Toys R Us has filed for bankruptcy in a Virginia federal court, where it is seeking permission to tap $3.13 billion in bankruptcy financing, on which distressed debt shops Angelo, Gordon & Co. and HPS Investment Partners, among others, are lenders.
The Wayne, New Jersey-based toy retailer has sought approval to access the debtor-in-possession financing package, consisting of multiple facilities.
Those include one for $2.3 billion, consisting of a $1.85 billion commitment from JPMorgan and other banks along with a $450 million of first-in, last-out financing from a syndicate of lenders. A separate $450 million term loan is also being offered to Toys R Us, courts papers showed, with an additional $375 million of internal financing to be accessed from nonbankrupt affiliates.
Toys R Us will use the funds to refinance some of the company’s existing debt as well as bankroll the borrower’s working capital and pay expenses related to the Chapter 11 case.
Taken alone, the $2.3 billion commitment is the largest bankruptcy financing extended to a retailer, according to data from financial research firm The Deal, which keeps a database of such transactions. In retail, the Toys R Us DIP loan surpasses the $2 billion financing Kmart received in its Chapter 11 case. The largest bankruptcy financing of any kind was the $33.3 billion assembled to back General Motors in its bankruptcy in 2009.
On the $450 million FILO loan, Angelo Gordon is providing $126.72 million, while HPS is lending $18.13 million, court filings showed. Representatives for the lenders and the debtor declined to comment.
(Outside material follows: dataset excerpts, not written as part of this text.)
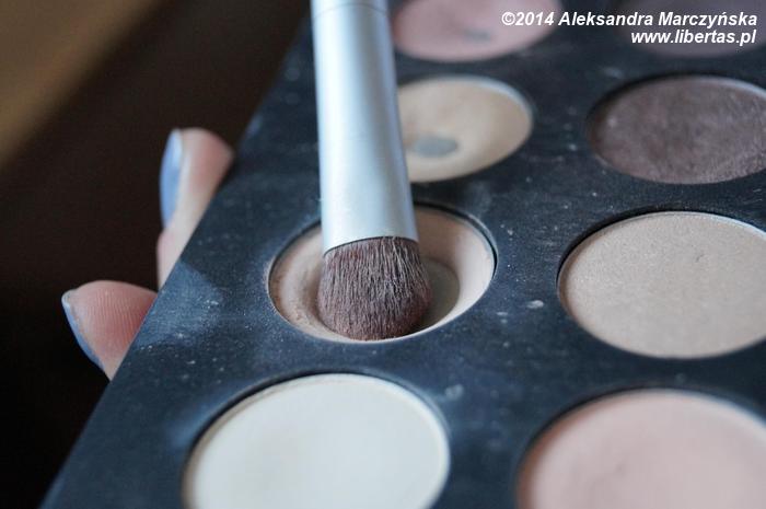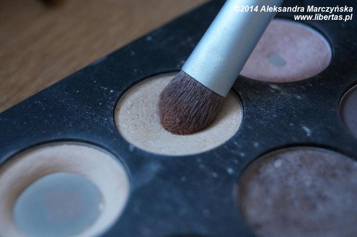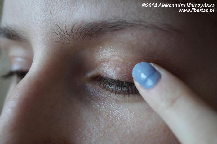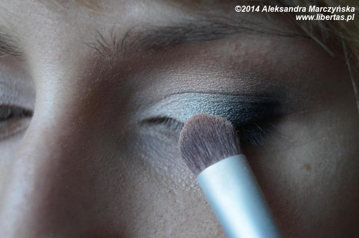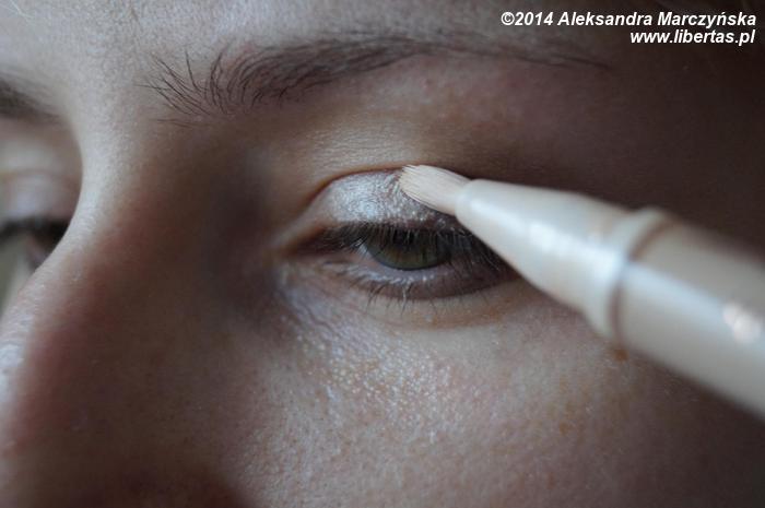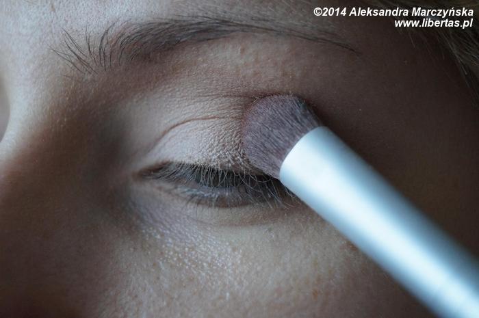 W wewnętrznej stronie powieki nakładamy perłowy cień, po czym delikatnie rozcieramy granice obu cieni, w ten sposób by oba kolory ładnie się połączyły.
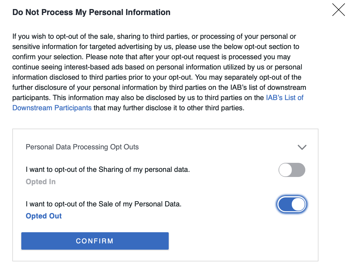 - Select the Suppress MSPA Links checkbox if you only want to support the IAB CCPA Framework. This will suppress the links to the Data Deletion, Data Access, and Data Privacy Policy.
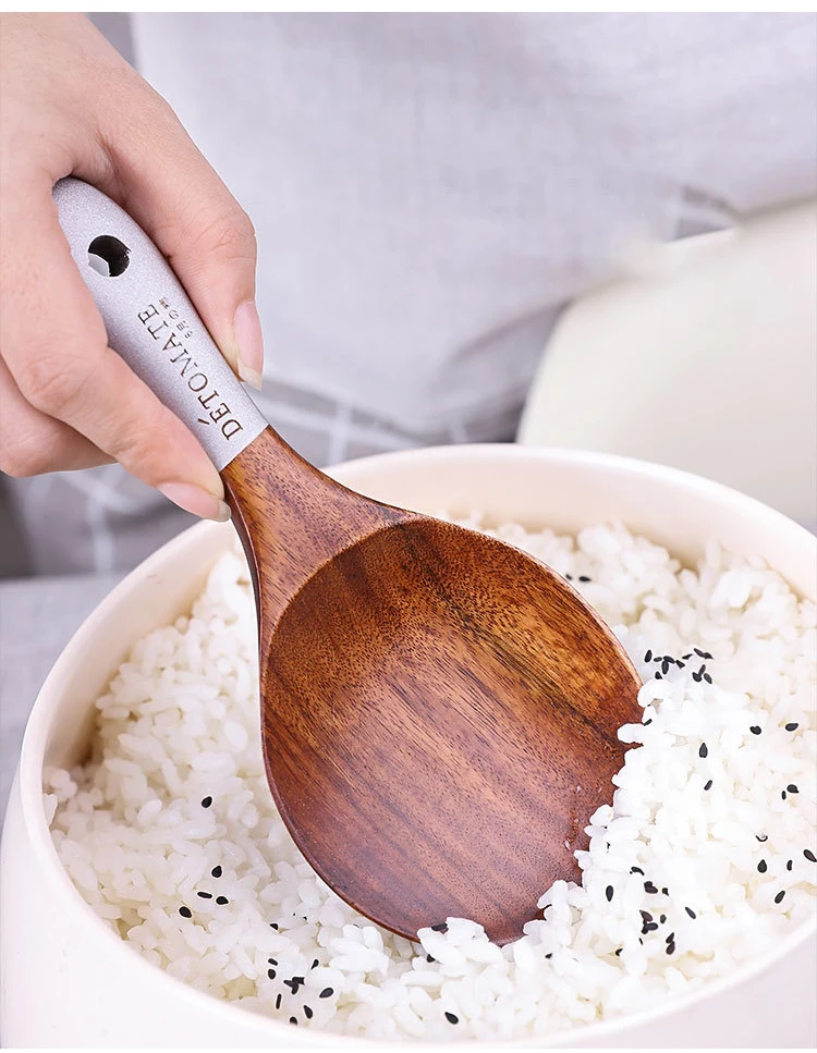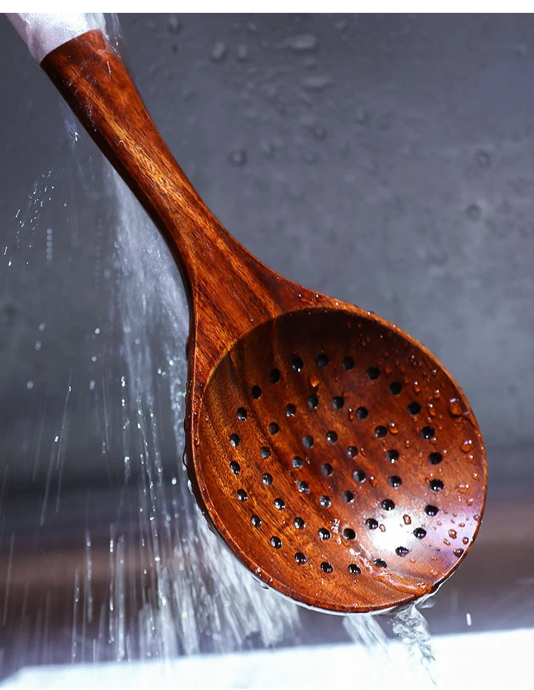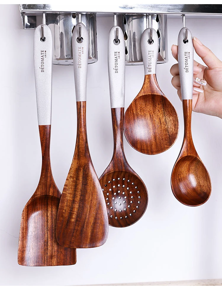 Наш деревянный набор кухонной утвари Leesin-100% ручная работа, натуральное тиковое дерево/палисандр, и часть ручки изготовлена из экологически чистой жемчужной краски, которая безопасна и non-toxic.When держать ручку, он будет чувствовать себя комфортно и гладко.
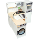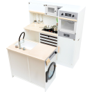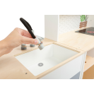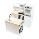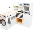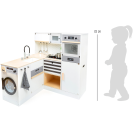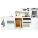 Pro všechny kuchaře a hospodyně! Tato velká, plně vybavená dětská kuchyňka nabízí všechny spotřebiče moderní domácnosti. Díky svému stavebnicovému systému lze sestavit jako rohovou kuchyň, nebo kuchyňskou linku s fungujícím ostrůvkem, nabízí tak mnoho prostoru a možností i pro hru více dětí najednou. Otočné knoflíky cvakají a varná deska s bateriově napájeným (baterie nejsou součástí balení) světlem a zvukem zaručují realistické potěšení ze hry. Skříňky zajišťují dostatek úložného prostoru a jsou vybaveny dvířky. Součástí je vysoce kvalitní nádobí vyrobené z kovu. Pro kuchyňku se nabízí také velké množství doplňkového příslušenství. Výrobek vyžaduje montáž, dodáváno s obrázkovým návodem k sestavení.

In addition, Franklin Mutual Advisors (at $139.62 million), Marathon Asset Management ($86.75 million), Solus Alternative Asset Management ($34.92 million), Roystone Capital Management ($26.28 million) and Redwood Capital Management ($17.58 million) are also lenders.
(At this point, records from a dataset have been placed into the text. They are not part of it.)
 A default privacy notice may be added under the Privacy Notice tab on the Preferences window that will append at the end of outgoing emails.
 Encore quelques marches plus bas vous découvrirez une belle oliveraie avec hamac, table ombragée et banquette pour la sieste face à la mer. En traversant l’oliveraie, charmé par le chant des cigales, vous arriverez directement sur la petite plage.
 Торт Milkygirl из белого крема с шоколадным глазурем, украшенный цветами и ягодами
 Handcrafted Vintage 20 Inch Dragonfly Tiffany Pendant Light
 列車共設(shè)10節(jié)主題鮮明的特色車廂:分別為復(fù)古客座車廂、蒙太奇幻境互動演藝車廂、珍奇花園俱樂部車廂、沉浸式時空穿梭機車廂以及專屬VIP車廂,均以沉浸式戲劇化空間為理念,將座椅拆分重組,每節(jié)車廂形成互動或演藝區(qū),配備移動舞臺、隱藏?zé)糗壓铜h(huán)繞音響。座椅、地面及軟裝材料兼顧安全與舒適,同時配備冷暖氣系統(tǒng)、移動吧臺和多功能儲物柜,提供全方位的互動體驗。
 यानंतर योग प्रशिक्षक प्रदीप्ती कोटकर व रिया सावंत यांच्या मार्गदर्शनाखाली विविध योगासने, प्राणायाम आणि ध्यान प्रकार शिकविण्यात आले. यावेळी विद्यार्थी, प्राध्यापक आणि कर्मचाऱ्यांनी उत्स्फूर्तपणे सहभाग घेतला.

Redwood, a distressed debt investment firm, made the investments out of its drawdown fund, Redwood Drawdown Fund, bankruptcy court papers revealed. The fund raised at least $589.11 million for the vehicle, according to regulatory filings submitted with the US Securities and Exchange Commission.
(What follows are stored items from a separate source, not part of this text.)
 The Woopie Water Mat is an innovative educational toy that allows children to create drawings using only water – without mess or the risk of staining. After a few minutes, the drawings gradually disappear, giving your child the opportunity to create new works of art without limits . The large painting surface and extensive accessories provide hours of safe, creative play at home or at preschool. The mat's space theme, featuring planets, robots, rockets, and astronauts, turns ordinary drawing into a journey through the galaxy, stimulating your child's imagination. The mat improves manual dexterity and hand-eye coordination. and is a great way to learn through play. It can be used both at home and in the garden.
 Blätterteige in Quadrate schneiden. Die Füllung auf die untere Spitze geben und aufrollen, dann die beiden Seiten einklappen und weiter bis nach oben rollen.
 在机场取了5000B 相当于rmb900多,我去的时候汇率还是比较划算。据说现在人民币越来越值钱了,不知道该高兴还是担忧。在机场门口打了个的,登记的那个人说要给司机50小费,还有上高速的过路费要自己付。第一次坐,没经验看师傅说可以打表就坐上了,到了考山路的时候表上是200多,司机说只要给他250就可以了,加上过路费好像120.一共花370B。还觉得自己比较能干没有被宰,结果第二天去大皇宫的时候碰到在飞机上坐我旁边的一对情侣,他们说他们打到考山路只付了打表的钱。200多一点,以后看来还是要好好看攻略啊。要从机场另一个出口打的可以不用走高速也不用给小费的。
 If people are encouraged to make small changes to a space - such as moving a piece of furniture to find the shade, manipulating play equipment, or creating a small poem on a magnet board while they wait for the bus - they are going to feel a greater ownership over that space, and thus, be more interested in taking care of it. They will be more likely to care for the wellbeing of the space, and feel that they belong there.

Currently, Redwood is also raising its second fund, Redwood Drawdown Fund II, and has locked down $1.48 billion, the SEC documents revealed. Its vehicles charge up to a 2 percent management fee on the net asset value of each fund’s shares and performance fees of up to 20 percent, according to additional SEC documents.
Toys R Us, which was taken private in 2002 via a $6.6 billion leveraged buyout by KKR, Bain Capital and Vornado Realty Trust, listed $5.27 billion in liabilities in court papers. The debtor also sought court protection in Canada under the Companies’ Creditors Arrangement Act.
The company sought court protection because of a highly-levered capital structure – with annual cash debt servicing cost Toys R Us $400 million – as well as the costs of above-market leases and increasing competition from big-box retailers and online shopping.
A number of private equity-backed retailers have sought court protection recently, including Gymboree Corporation, which Bain acquired in 2010 for $1.8 billion, and Payless Shoes, which Golden Gate Capital and Blum Capital Partners acquired in $1.32 billion deal in 2012.